# Hi! New to the Audi world



## jettasmooth (Aug 7, 2002)

Hey everyone. Just saying hello, as I just picked my first audi, a 2000 A6 2.7T quattro, 6 spd. I picked this up as a second car so I can focus more attention on the MK3 in the next few months. Im definitely looking forward to the awd this winter. Hoping I can learn a ton to help me keep the audi in excellent condition as the previous owner clearly has done. 
Here is the car:








and the MK3 that I ive had for 6 years now:


----------



## EK20 (Sep 28, 2004)

*Re: Hi! New to the Audi world (jettasmooth)*

Nice score. http://****************.com/smile/emthup.gif
I was initially looking for a silver A6, but couldn't pass up the white one I got. Unfortunately I did miss out on the S8 the dealer had.


----------



## jettasmooth (Aug 7, 2002)

*Re: Hi! New to the Audi world (EK20)*

I test drove a 1995 URS6 a few months back and fell in love with style. But I figured for practicality reasons, I should get something a bit newer


----------



## Snowhere (Jul 27, 2007)

*Re: Hi! New to the Audi world (jettasmooth)*

Nice score!

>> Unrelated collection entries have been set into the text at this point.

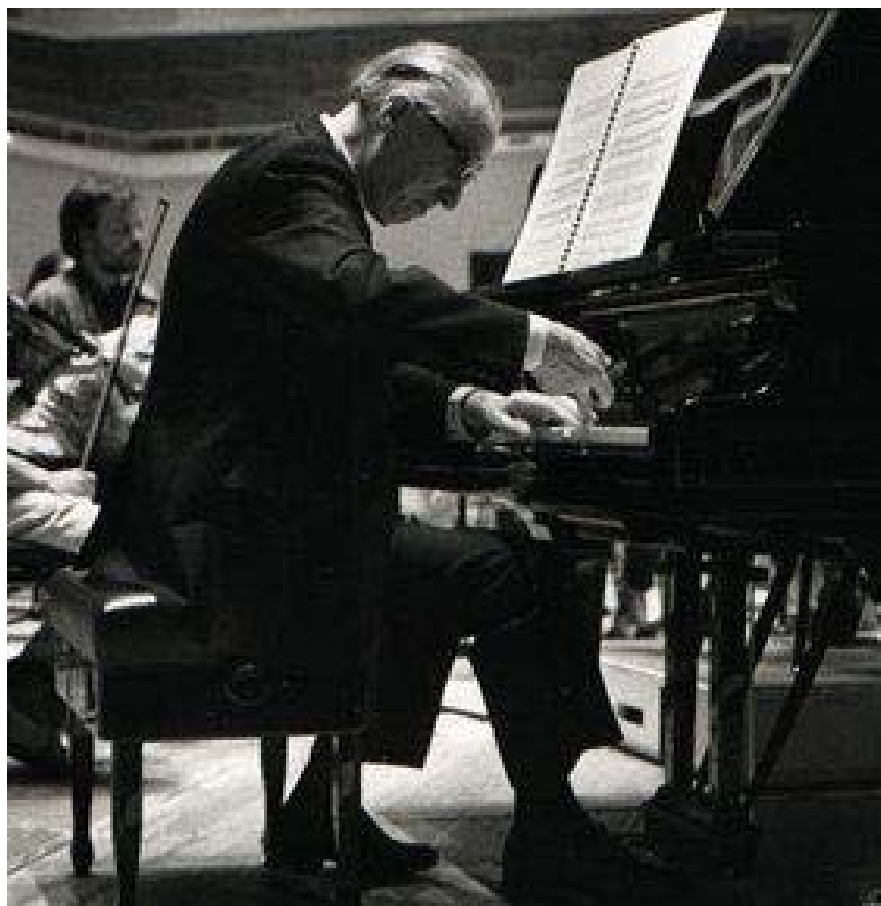
Фото 3. Жан Франсе грає на роялі
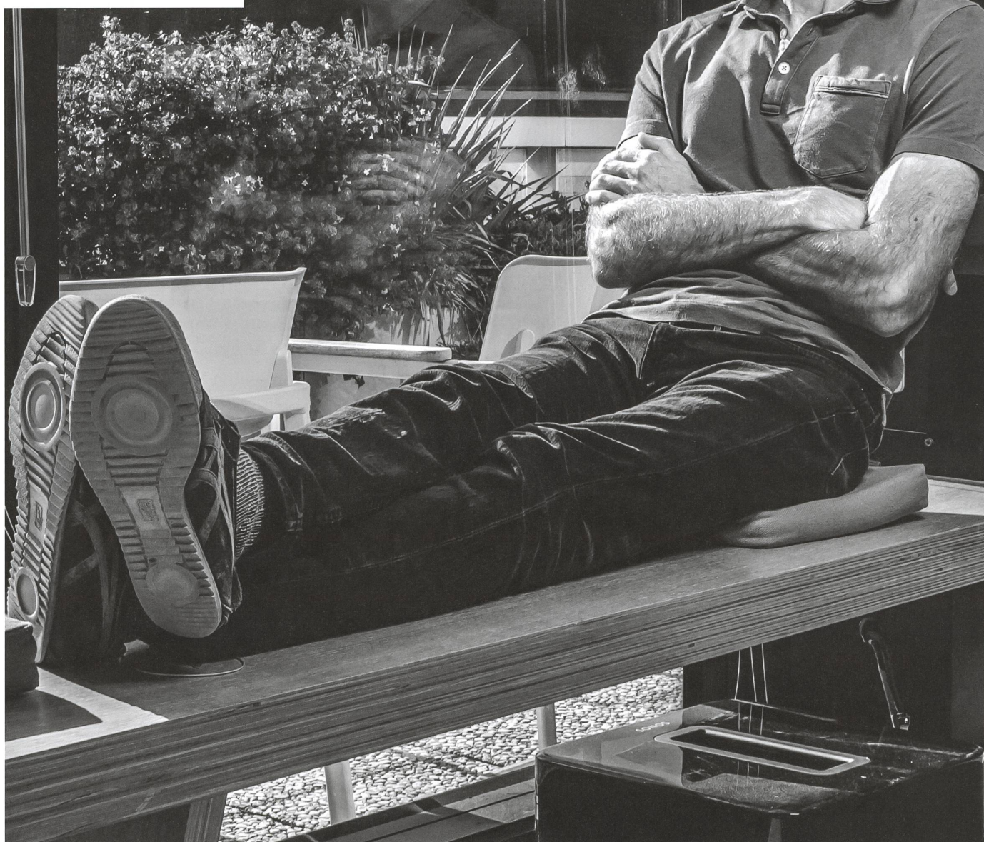
Michael Shellenberger.
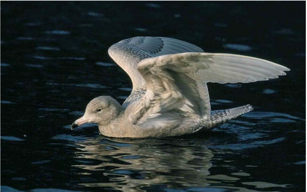
53 Grote Burgemeester / Glaucous Gull Larus hyperboreus , eerste-winter, Rotterdam, Zuid-Holland, 25 januari 2000 (Marten van Dijk)
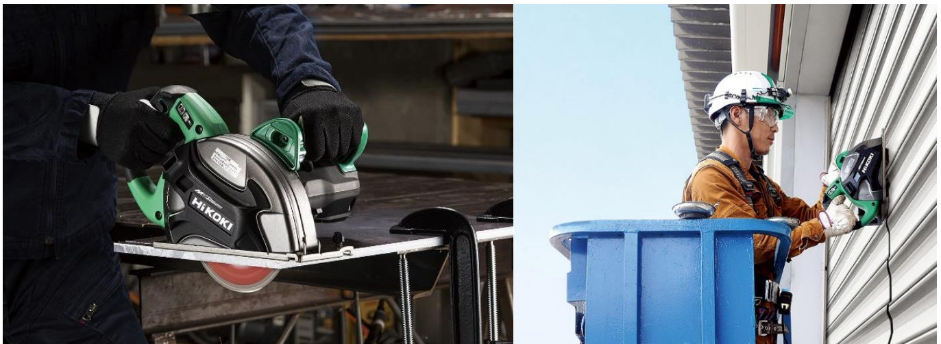
当製品の作業イメージ
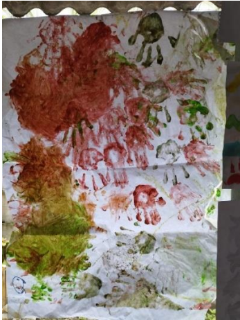
Figura 7. Pliego de papel bond pintado como resultado de la sesión dos del taller.
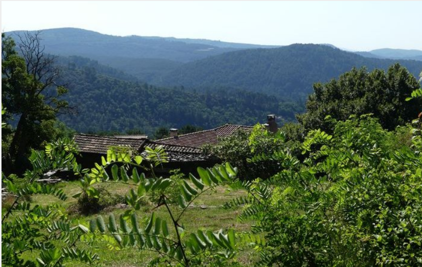
St Julien des Points (N Thomas)
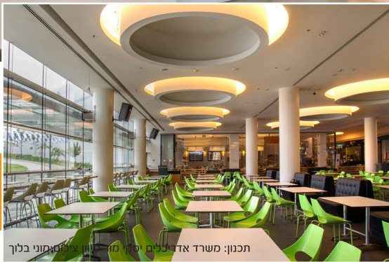
תכנון: משרד אדריכלים יסקי מור סיוון.
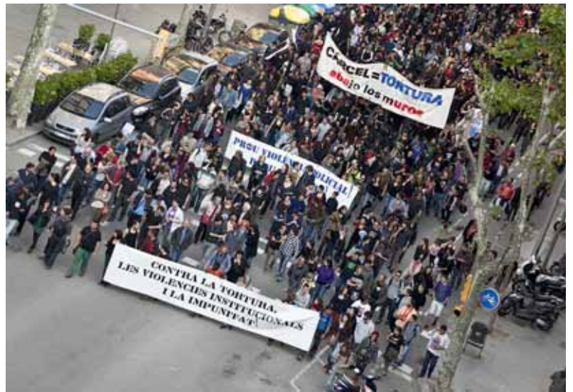
Manifestació contra les tortures i les presons a Barcelona el 4 de maig - Robert Bonet

La metodologia de la UTE de Villabona, que va començar amb quinze persones i avui n'acull més de 500, radica en la transformació dels dos col·lectius més importants de la presó: les internes i el funcionari de vigilància. En aquests mòduls terapèutics, les vigilants tenen un paper educatiu i són corresponsables, juntament amb les persones internes, de la gestió de les tasques. Les recluses, que inicien la jornada a les set del matí, participen en tallers d'activitats manuals, musicals o esportives i també en la gestió de la neteja i del dia a dia. "L'objectiu prioritari de les UTE és crear un espai lliure de drogues i sense violència, on els interns assumeixin una sèrie de respon-

Welcome to C5 land. Enjoy the new ride as I am sure it feels a step up from the Mk3.


----------



## dadrew (Aug 4, 2005)

Whewt!
I'm new to my A6 too!


----------



## jettasmooth (Aug 7, 2002)

*Re: (dadrew)*

im currently looking into doing the RS4-K04 upgrade and clutch in the near future, but might take a look at the cost of doing the job myself. Could be a fun spring project with the right tools.


----------



## kingofnyc22 (Nov 17, 2005)

*Re: (jettasmooth)*


_Quote, originally posted by *jettasmooth* »_im currently looking into doing the RS4-K04 upgrade and clutch in the near future, but might take a look at the cost of doing the job myself. Could be a fun spring project with the right tools.

Congratulation on a nice 6-speed. It will be fun.


----------